Your brain keeps solving problems when you aren't looking. One morning you jump out of bed and think "OMAIGOD I'm an idiot! It's so obvious!"
And you rush to your project, try your idea, and ...
... and you might still be wrong 😅
Like when I had the brilliant idea to use eventual consistency to speed up the AWS Lambda that saves your 👍👎 vote at the bottom of this email and I couldn't have been more off base. Classic over-confidence that makes you tank an interview because you read somewhere that $Technique Is For Speed.
Trying eventual consistency to improve load times
The idea behind eventual consistency is to delay database writes. Does everything need to happen in-request or can you do some of the work async?
My Lambda makes 2 writes to DynamoDB in a GraphQL Mutation:
- Update a vote counter
- Save the vote
// Updates thumbsup/down count in a widget
const widgetUpdateResult = await updateItem({
Key: { userId, widgetId },
UpdateExpression:
"SET thumbsup = thumbsup + :thumbsup, thumbsdown = thumbsdown + :thumbsdown",
ExpressionAttributeValues: {
":thumbsup": thumbsup ? 1 : 0,
":thumbsdown": thumbsdown ? 1 : 0,
},
ReturnValues: "ALL_NEW",
})
const widget = widgetUpdateResult.Attributes || {}
// Saves a new vote in the feedbacks table
const feedback = await saveFeedback(
{},
{
widgetId,
voteId,
instanceOfJoy,
createdAt,
voteType,
voter,
answers: {},
}
)
This is a stupid design.
You could count the votes for each widget when you need the number. Why am I manually counting this? 🙄
You could save the vote, then use DynamoDB Streams to update the count. User-facing lambda performs a quick save, triggers additional lambdas to update meta data.
Test your hypothesis
Rule number 1 of performance tweaks – measure. Serverless Performance is a strange beast and you have to ask the computer where it hurts. You can't guess.
We removed a DynamoDB write and ran the same mutation a bunch of times in a GraphQL Playground. While streaming.
mutation ($userId: String!, $widgetId: String!, $thumbsup: Boolean) {
widgetVote(userId: $userId, widgetId: $widgetId, thumbsup: $thumbsup) {
followupQuestions
voteId
voter
}
}
The mutation sends a userId
and widgetId
to identify what you're feedbacking and a thumbsup
to say 👍. In retrospect the vote type should've been a string.
Our unscientific test[^1] gave a 258ms average response time over 14 runs. Doesn't feel like much of an improvement.
We tried the original code and got 253ms average response times. Faster than with my brilliant idea.

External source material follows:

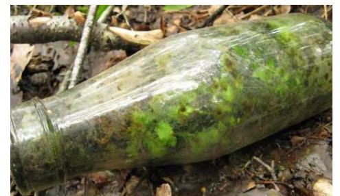
An enterprising Dryopteris dilatata !

We then headed along the banks of the stream, finding a mix of woodland and grassland species, including Carex laevigata (Smooth-stalked Sedge). A surprise find was Dryopteris dilatata (Broad Buckler Fern) growing completely within a glass bottle! Leaf characteristics were used to confirm Scutellaria minor (Lesser Skullcap) from a small damp area near the river, while further along the vegetative features of oaks ( Quercus spp.) caused some discussion.

Is it the Apollo overhead?
Okay if database writes aren't slow ... what is? Could it be that Apollo Server has massive overhead? It's pretty heavy after all.

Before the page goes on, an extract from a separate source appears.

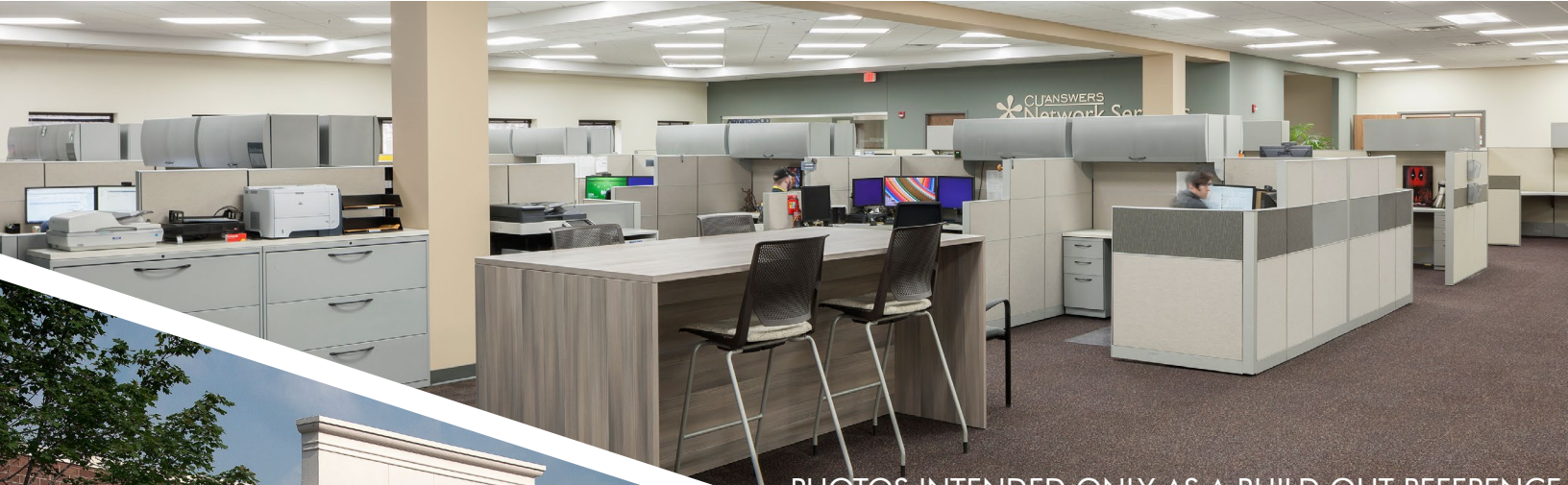
PHOTOS INTENDED ONLY AS A BUILD OUT REFERENCE

4665 44TH STREET SE | GRAND RAPIDS, MI 49512

We upgraded from an old version of apollo-server-lambda
(2.5.1) to the latest (3.6.1) and added memoization to cache the server between requests. AWS Lambda caches values in global scope.
// cached server instance
let server: ApolloServer | null = null
function getServer() {
if (!server) {
// instantiate server if doesn't exist
server = new ApolloServer({
typeDefs: getTypeDefs(),
resolvers,
})
}
return server
}
// creates the Lambda request handler
export const handler = getServer().createHandler({
expressGetMiddlewareOptions: {
cors: {
origin: "*",
credentials: true,
},
},
})
Wrap server = new ApolloServer
in a function and use global file scope to cache the value between requests. If instantiating overhead is the problem, this is gonna solve it.
The result was a 249ms average response time. Within the margin of error for my benchmarking approach[^1]. 💩
Wait is the Lambda slow at all??
At this point it looks like the benchmark may be dominated by round-trip times to us-east-1, an AWS region, and AWS's internal machinery. How fast is the Lambda itself?
The slowest invocations are around 95ms with averages hovering around 50ms ...
All this effort to speed up our code and our code isn't even the slow part. That was dumb. 🙈
Best thing I learned in college: Amdahl's Law – speeding up the fast part of your system won't do shit for performance.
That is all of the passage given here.